Bacon, Cheddar and Ranch Potato Salad
Source of Recipe
Richard Lee Holbert
Recipe Introduction
This salad is best served between 1-3 hours after it is made. After that the potatoes tend to soak up a lot of flavor and the bacon looses it's crispiness.
List of Ingredients
Bacon, Cheddar and Ranch Potato Salad
8 large russet potatoes
1 (16 ounce) package bacon
1 C mayonnaise
1 C sour cream
2 (1 ounce) packages Hidden Valley Ranch Dip Mix
1 C celery, chopped
1/4 C green onions
1 C cheddar cheese
Recipe
Grab 8 large russet potatoes.
Wash and peel them.
Chop them up into pieces that are relatively similar and toss them into a large pot. ]
Run cold water over the potatoes and then drain the water off.
Fill the pot with hot water and set it on the stove top.
Bring the water to a boil over high heat.
When you have a nice rolling boil, lower the temperature to medium high and cook the potatoes until they are fork tender.
Cook the bacon, either on the stove top or in your oven.
Dump the potatoes and hot water into a colander you have placed in your sink.
Run cold water over the top to cool the potatoes down, then pour them into a large mixing bowl.

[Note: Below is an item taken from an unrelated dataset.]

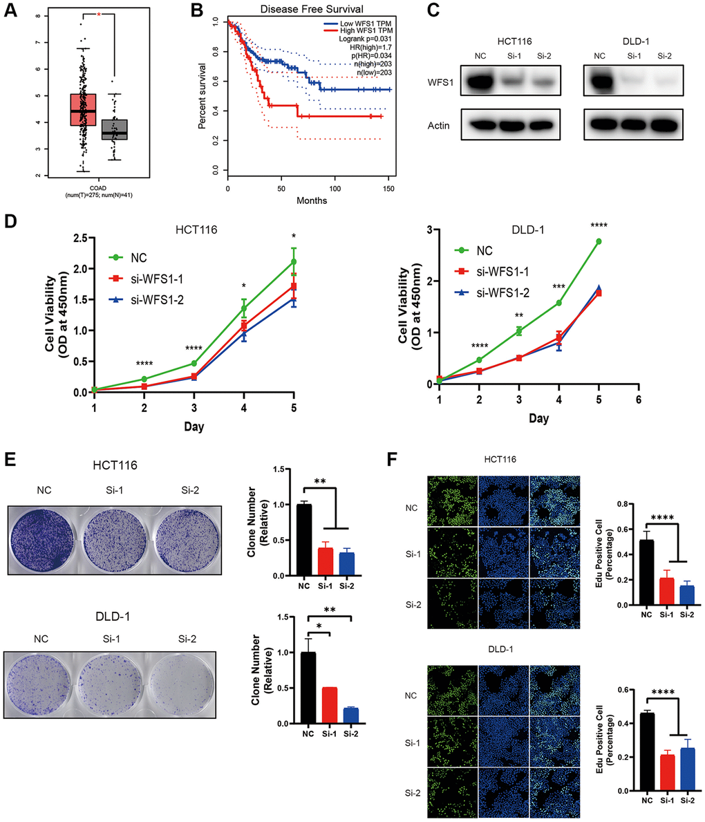 In order to evaluate the potential role of WFS1 in COAD, we inhibited the expression of WFS1 with two independent siRNAs in HCT116 and DLD-1 cell lines. These two siRNAs significantly decrease the protein expression of WFS1 (Figure 4C). WFS1 depletion markedly inhibited cell viability and clone formation capability of COAD cells (P < 0.05, Figure 4D–4F). In summary, these results indicate that WFS1 has a potential carcinogenic effect in COAD.
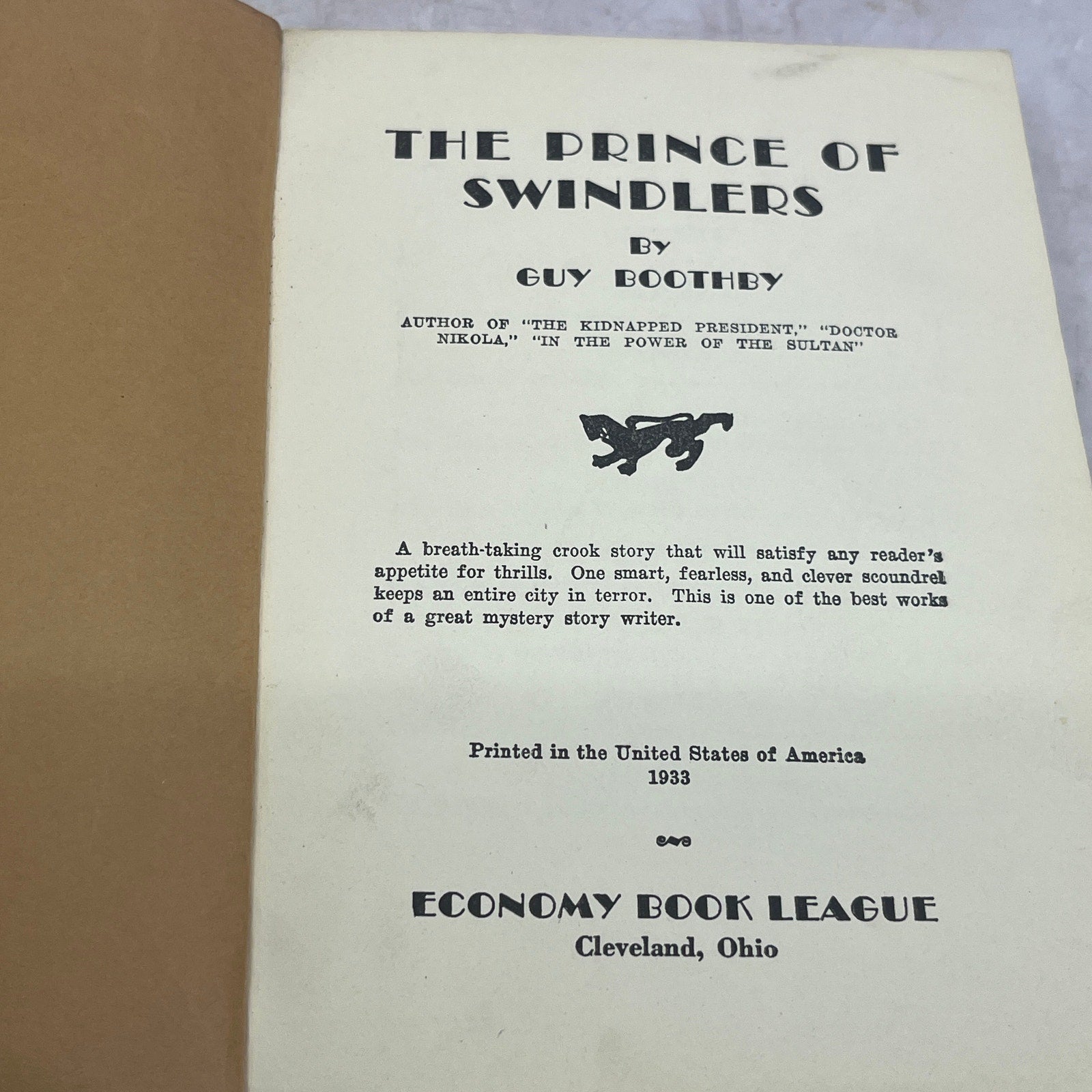 1933 The Prince of Swindlers by Guy Boothby TB6-OB

Into a small mixing bowl place 1 cup mayonnaise, 1 cup of sour cream and 2 packages Hidden Valley Ranch Dip Mix.
Stir everything around to combine well.
Wash and chop about 1 cup of celery.
Add it to the potatoes.
Chop up a little more than 1/4 cup of green onions.
Add 1/4 to the potatoes and reserve some to sprinkle on top.
Take your nice crisp bacon and crumble it up into small pieces.
Save a handful to sprinkle on the top of the salad before you serve.
Put the rest of the bacon along with 1 cup shredded cheddar cheese into the mixing bowl.
Pour the Ranch/Mayo mixture over the top and stir it all in, making sure everything is well coated.
Cover and refrigerate for 1 hour.
Just before serving add a few chopped green onions, a bit of bacon and a little cheddar cheese over the top.